Никакого смирения и умиления не чувствовал я, а меня наполняла смелая вера в то, что я непременно стану с этих пор добрым и благородным, и что Бог будет меня очень любить за это, и пошлёт мне всё, чего мне хочется. Но к самому концу службы душа моя опять остыла, и я с полным равнодушием вышел из церкви, весь занятый рассматриванием стоявших позади учителей и надзирателей.
Однако меня тянуло поговорить с Алёшей, чтобы почерпнуть у него что-нибудь для себя нужное. Его не было ни в классе, ни в коридоре. Между тем через полчаса пойдут в спальню, и там нам с ним не переговорить. Наконец я нашёл его одиноко бродящим в глухом повороте к буфету, где было почти темно, и где мы не любили ходить
— Тебе что? — недовольным голосом окликнул меня Алёша.
Я шёл с такими хорошими намерениями и такими добрыми чувствами к своему Алёше, что его беспричинный досадливый тон окатил меня, как ушат холодной воды.
— Ничего… Так себе иду… — тоже раздражённым голосом ответил я. — Разве коридор у тебя на откупе? Всякий может ходить, где хочет.
— Нигде от вас не спрячешься… Исповедоваться завтра, так и то одного не оставят! — ещё сердитее пробурчал Алёша и большими шагами повернул прочь.
Мне было больно до слёз, что Алёша так грубо отталкивал моё нежное движение к нему, даже и не подозревая, что я искал его как своего учителя и советника.

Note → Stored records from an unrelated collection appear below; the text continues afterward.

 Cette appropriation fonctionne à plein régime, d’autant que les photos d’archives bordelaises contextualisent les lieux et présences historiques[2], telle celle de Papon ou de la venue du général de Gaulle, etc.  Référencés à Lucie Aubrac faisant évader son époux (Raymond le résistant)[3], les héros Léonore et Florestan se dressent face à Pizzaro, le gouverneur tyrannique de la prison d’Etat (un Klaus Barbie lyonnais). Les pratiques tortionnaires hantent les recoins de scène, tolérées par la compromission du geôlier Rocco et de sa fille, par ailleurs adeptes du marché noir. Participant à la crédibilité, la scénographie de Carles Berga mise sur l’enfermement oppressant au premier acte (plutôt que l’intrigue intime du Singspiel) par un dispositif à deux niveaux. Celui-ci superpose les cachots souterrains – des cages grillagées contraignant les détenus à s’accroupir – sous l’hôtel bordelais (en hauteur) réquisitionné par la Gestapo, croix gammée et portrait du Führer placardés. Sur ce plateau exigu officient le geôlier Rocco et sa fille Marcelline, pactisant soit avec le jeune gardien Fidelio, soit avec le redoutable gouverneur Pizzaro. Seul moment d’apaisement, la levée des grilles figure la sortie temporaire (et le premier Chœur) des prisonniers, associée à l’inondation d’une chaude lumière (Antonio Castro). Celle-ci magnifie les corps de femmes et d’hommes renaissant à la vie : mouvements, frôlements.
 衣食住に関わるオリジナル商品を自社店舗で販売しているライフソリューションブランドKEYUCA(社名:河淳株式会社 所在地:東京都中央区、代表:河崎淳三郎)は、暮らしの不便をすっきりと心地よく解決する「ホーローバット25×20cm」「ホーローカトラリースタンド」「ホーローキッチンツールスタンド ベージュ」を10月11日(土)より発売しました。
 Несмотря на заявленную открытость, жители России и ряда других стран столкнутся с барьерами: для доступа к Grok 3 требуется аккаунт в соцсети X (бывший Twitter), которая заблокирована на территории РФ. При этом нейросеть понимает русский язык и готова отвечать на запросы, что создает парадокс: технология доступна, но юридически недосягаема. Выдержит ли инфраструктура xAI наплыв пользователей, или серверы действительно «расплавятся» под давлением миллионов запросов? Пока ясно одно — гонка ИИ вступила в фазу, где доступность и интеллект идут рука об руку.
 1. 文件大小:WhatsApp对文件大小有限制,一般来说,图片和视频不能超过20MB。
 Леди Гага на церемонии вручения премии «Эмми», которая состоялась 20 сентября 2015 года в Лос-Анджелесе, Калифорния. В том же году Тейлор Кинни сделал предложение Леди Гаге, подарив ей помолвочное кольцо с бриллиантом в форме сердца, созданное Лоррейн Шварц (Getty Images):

Но самолюбие моё уже не позволяло мне объяснить ему, зачем я здесь, и я с притворным презрением тоже проворчал сквозь зубы:
— Убирайся сам отсюда, вот и будешь один…
А сердце моё в то же время надрывалось от горького чувства обиды и несправедливости. «Он об себе только думает… А это забыл, что я ему младший брат, что он должен во всём помогать мне, — укоризненно думалось мне. — Вот он всегда такой… Хочешь ему душу открыть, а он бегает, как от первоклассника… Воображает, что с таким умницей, как он, уж и говорить никто не может». Я едва не расплакался громко, но продолжал ходить, сердито сверкая налитыми слезами глазёнками и сжимая кулачонки.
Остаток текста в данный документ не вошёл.